Вопреки обычаю, царь велел дьякам в его присутствии сесть.
Висковатый, широкий, коренастый бородач с косыми монгольскими глазами, пожевал губами, вскинул очи вверх, как будто что-то увидел на потолке, и тихо ответил:
– Держать в страхе немцев надобно... и дацкого королуса.
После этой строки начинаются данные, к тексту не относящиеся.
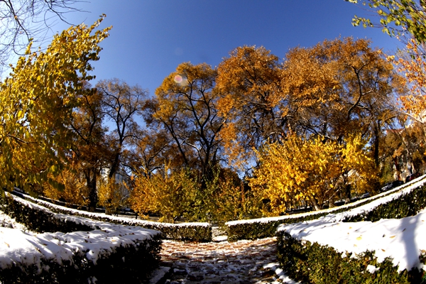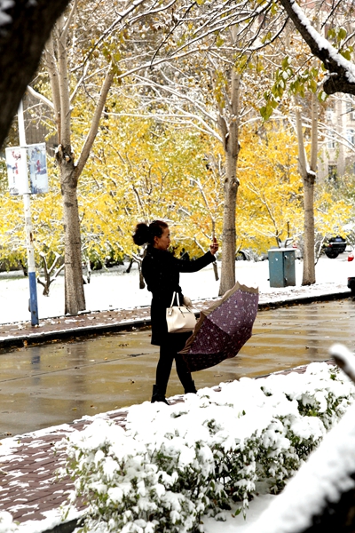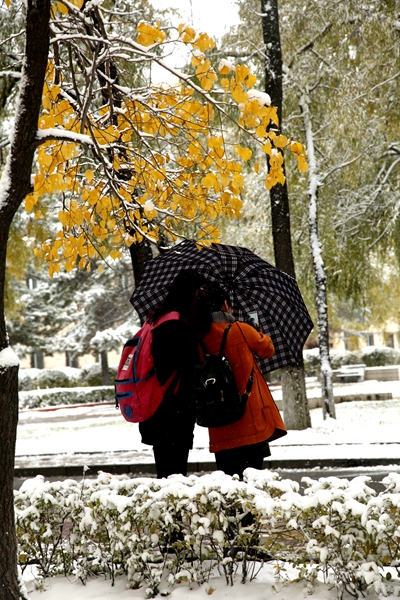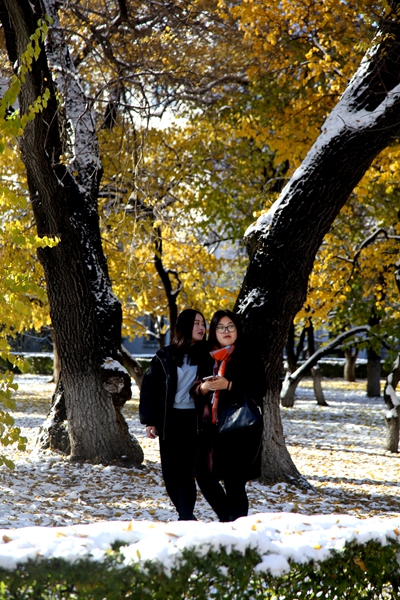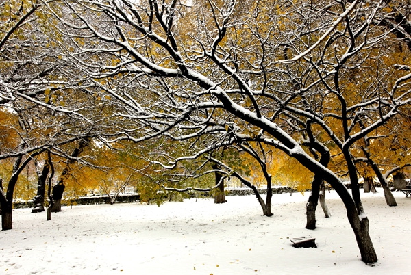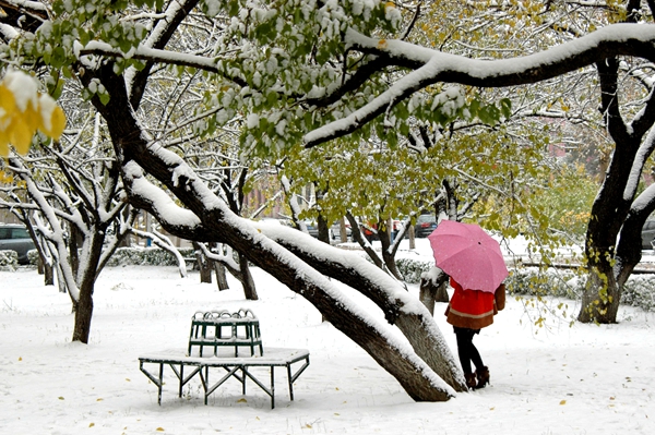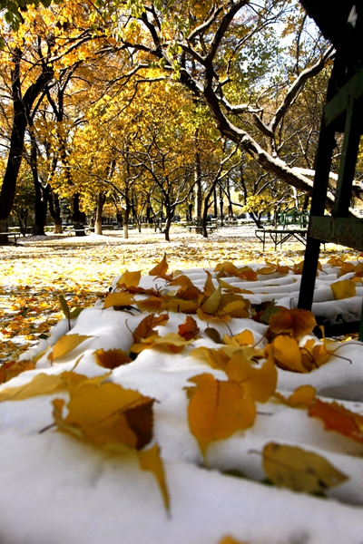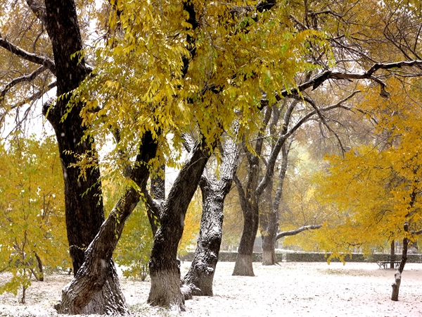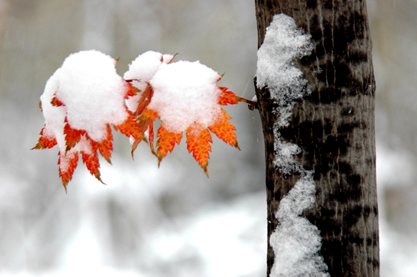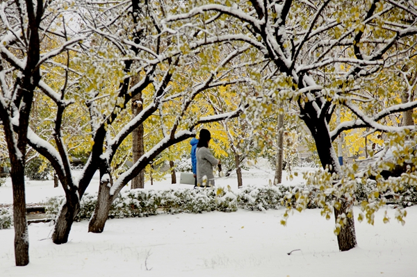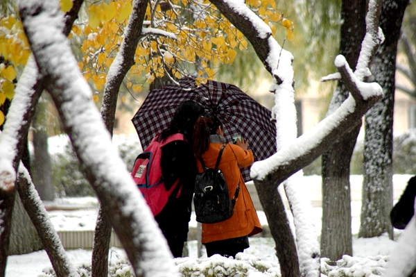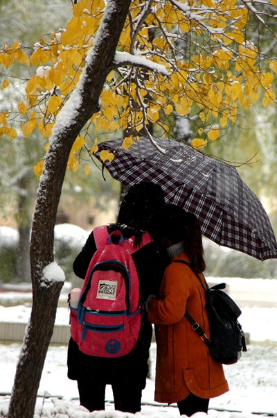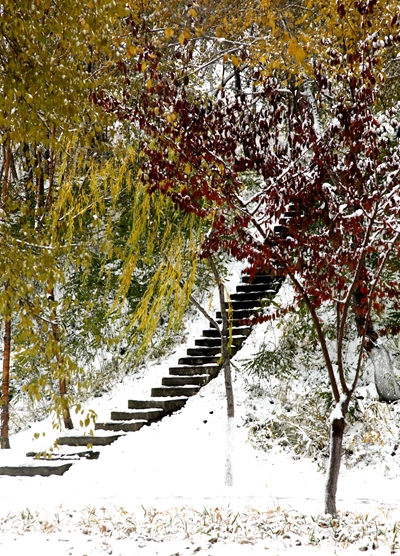 我满园的秋,濡润着落雪的秋啊!灿灿金叶,晶晶雪儿,为你不散的情缘,我愿抖落一生的心累,做你一世的相守。看,多少青青男女,多少沧桑过客,终是停留在你的足下,寻觅,守望。轻撷一叶落红,品茗一片落雪,你怎个分清她是秋,还是冬?又怎个知她是你的情缘,还是我的情缘……

Иван, обрадовавшись, вскочил со своего кресла, а когда дьяки поднялись со своих мест, он приказал им спокойно сидеть и слушать.
– Мысли у нас с тобою, Иванушко, сходятся... Я так думаю: не много ума понадобилось магистру, чтоб понадеяться на Фердинанда. Не много ума и у архиепископа, благословившего сию войну. А Дания страшится за свою провинцию Норвегию... Под боком она у нас... Там я тоже войско держу... Сказывали мне, будто и в самой Дании неспокойно... Вельможи восстают на короля. Власть отбивают. А в затылке у них – Германская империя...
– Оно тако, государь, а приказу Посольскому притом же ведомо, что в Данию ливонские немцы то и дело ездят, и королус Христиан надеждою их обольщает...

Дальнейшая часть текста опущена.